Stored data:
==============================

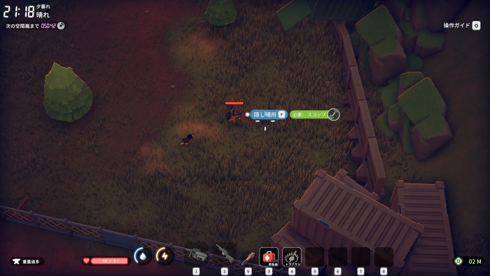 倉庫エリアと繋がる洞窟近くにスコップで掘れる穴があり、ここからスーパー電源を入手できる。
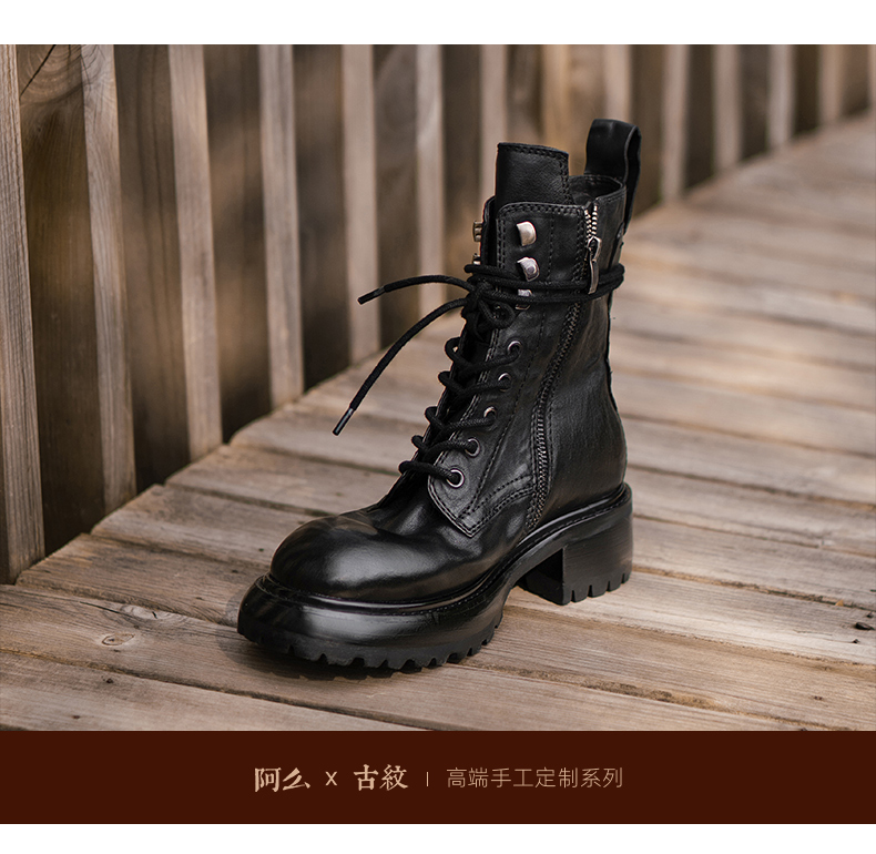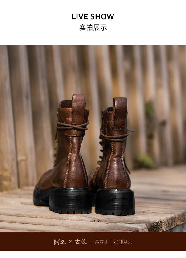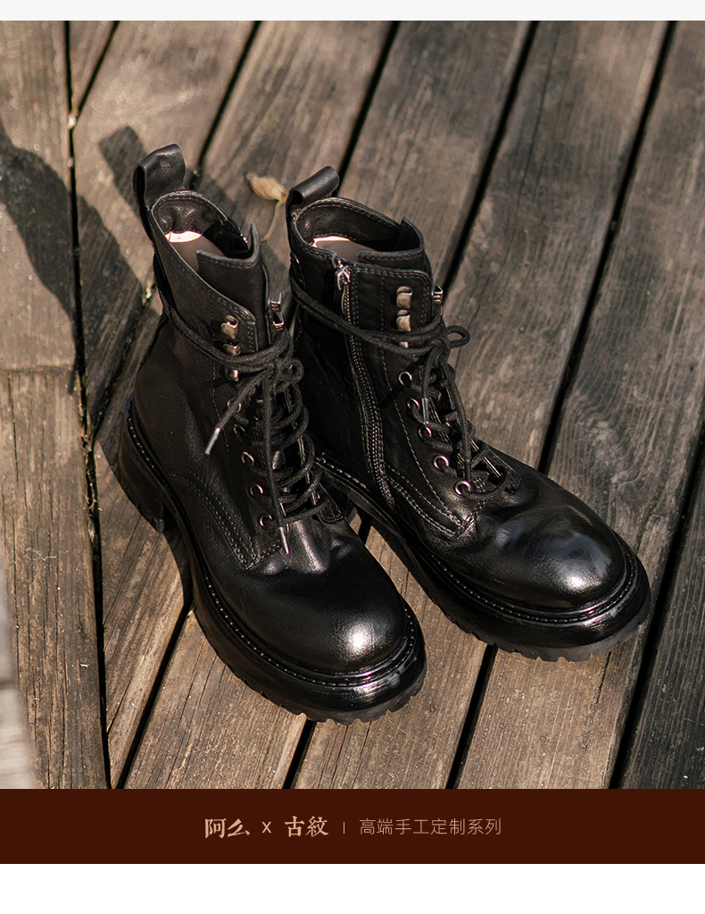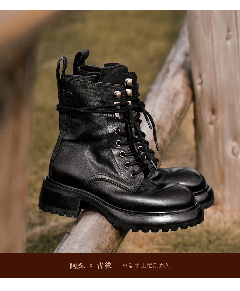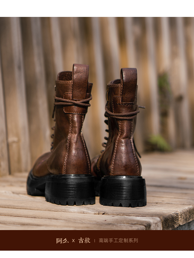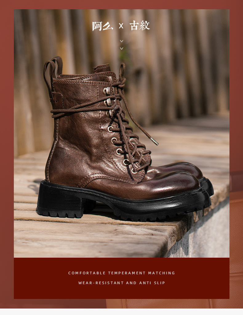 【阿么古纹马皮鞋】英伦风厚底复古马丁靴女系带户外百搭短靴4.2CM
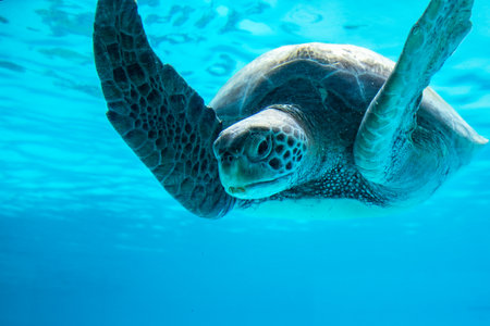 sea turtle swimming in blue seas and sky
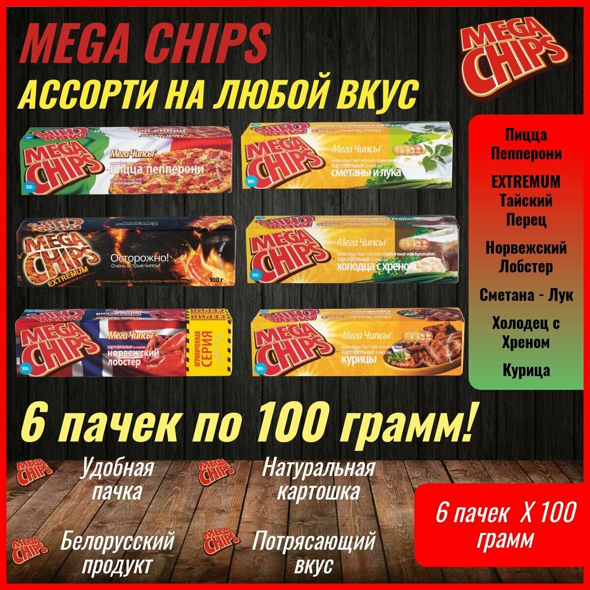 10 цен на Мегачипсы Mega Chips со вкусом ассорти, 6 штук по 100 г
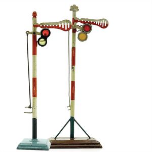 Märklin, Gebr. und Cie. 2 Teile Hauptsignal, gemarkt "Germany" Deutschland, Göppingen, um 1920, Maße: 205 x 70 x 45 mm, Allgemeinzustand, ohne Lampe, Hauptsignal, ungemarkt, Deutschland, Göppingen, um 1910 , Maße: 260 x 100 x 60 mm, guter Allgemeinzustand, Gebrauchsspuren Deckscheiben mit kl. Fehlstellen, Halterungen für den Draht verbogen

==============================

#### Brief
Please reproduce the entries from above exactly; images are not part of the copy.

#### Result for this task
 倉庫エリアと繋がる洞窟近くにスコップで掘れる穴があり、ここからスーパー電源を入手できる。
 【阿么古纹马皮鞋】英伦风厚底复古马丁靴女系带户外百搭短靴4.2CM
 sea turtle swimming in blue seas and sky
 10 цен на Мегачипсы Mega Chips со вкусом ассорти, 6 штук по 100 г
 Märklin, Gebr. und Cie. 2 Teile Hauptsignal, gemarkt "Germany" Deutschland, Göppingen, um 1920, Maße: 205 x 70 x 45 mm, Allgemeinzustand, ohne Lampe, Hauptsignal, ungemarkt, Deutschland, Göppingen, um 1910 , Maße: 260 x 100 x 60 mm, guter Allgemeinzustand, Gebrauchsspuren Deckscheiben mit kl. Fehlstellen, Halterungen für den Draht verbogen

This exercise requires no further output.